A lot of what the Archive is doing these days goes beyond saving web sites. The first time I came by the Archive, my tour guide noticed my Grateful Dead t-shirt and asked me to name my favorite show ever. Hartford, Connecticut, May 1980, I said—spring of my senior year in college. After a quick search I was listening to the same 11-minute version of Uncle John’s Band that I barely remembered after 37 years. The same goes for every Grateful Dead show ever performed. The Dead, unlike a lot of musicians of their time, never tried to prevent their fans from recording shows. The collectors of these tapes—some nearly concert quality, some sounding like they were captured by an ancient $20 tape recorders stuck inside a backpack—have donated every one of them to the Archive.

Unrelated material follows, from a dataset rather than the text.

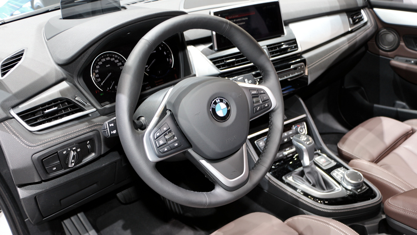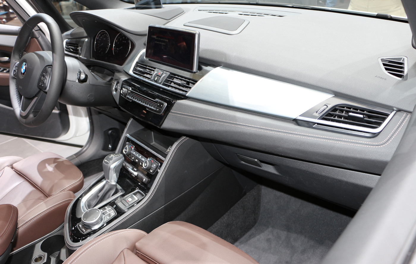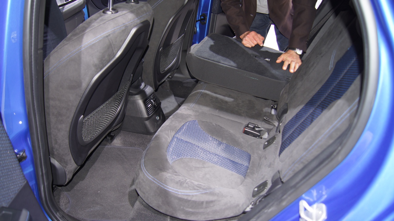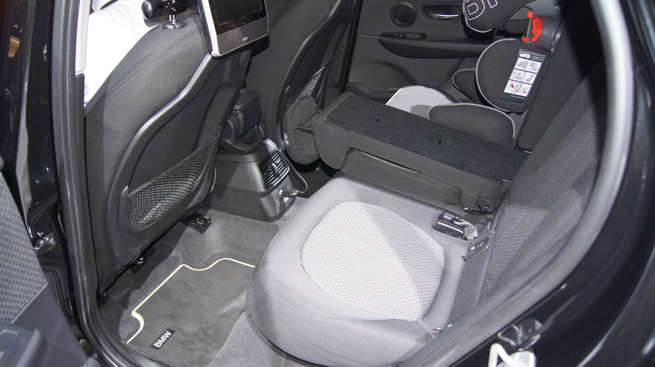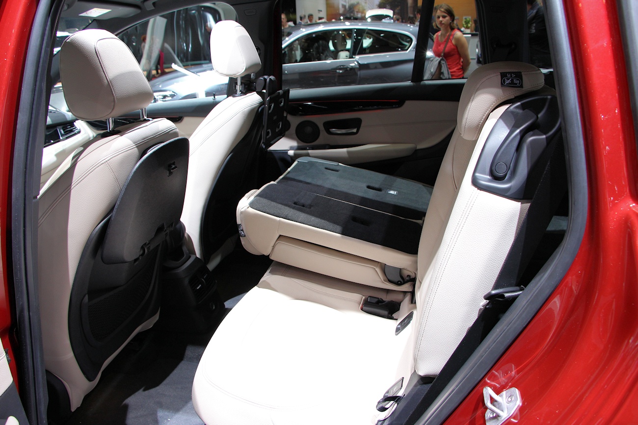 Comme toute Allemande qui se respecte, et même si il s'agit ici d'un monospace, le Série 2 Active Tourer se révèle moins pratique que la concurrence. Tout d'abord les espaces de rangements sont moins nombreux et plus petits (le design intérieur semble favorisé, car de gros bacs deviendraient assez disgracieux visuellement) et la banquette arrière propose une place centrale qui ne rime pas avec bourgeoisie (tunnel de transmission et espace réduit, sans compter l'accoudoir intégré. Et puis les tablettes aviation ne sont pas disponibles dès le premier niveau de finition, tout comme la banquette coulissante sur 13 cm qui apparait sur la finition Lounge (certes on peu considérer la Lounge comme le premier niveau puisque la Premiere n'est disponible qu'avec la 216d, ne soyons donc pas trop critique !). Notez aussi que la banquette est coulissante en deux parties, ce qui permet tout de même une modularité intéressante, sachant aussi que le plancher est quasi plat quand les sièges sont rabattus.

Old educational films, dating as far back as the 1960s, are part of the archive too. So is TV. The facility houses more than 1.3 million television news shows produced since 2009. (The shows are all searchable online via excerpted clips; since this material is copyrighted, however, you have to watch these the way you did in the old days—on DVDs in the library.) There are also 166,000 versions of old games: Through an emulator, you can play almost any of the old coin-operated video arcade games from the 1970s through the 1990s.
To preserve all this information properly, Kahle has doffed his hat to the old “Rocky and Bullwinkle” cartoon shows of the 1950s, which came up with an invention that was deliciously reprised by Christopher Lloyd in “Back to the Future.” Kahle has created a real, live Wayback Machine—an online tool that captures every website made since 1996 in the form in which it was created. In other words, an Internet time capsule.
The Archive is also redefining the concept of a library. For thousands of years, libraries have been fundamentally physical—stout buildings, typically in big cities and at universities, where reams of paper were stored and read. Early libraries were limited to scholars, but by the 1700s, the concept of the public library, open to all, started to emerge.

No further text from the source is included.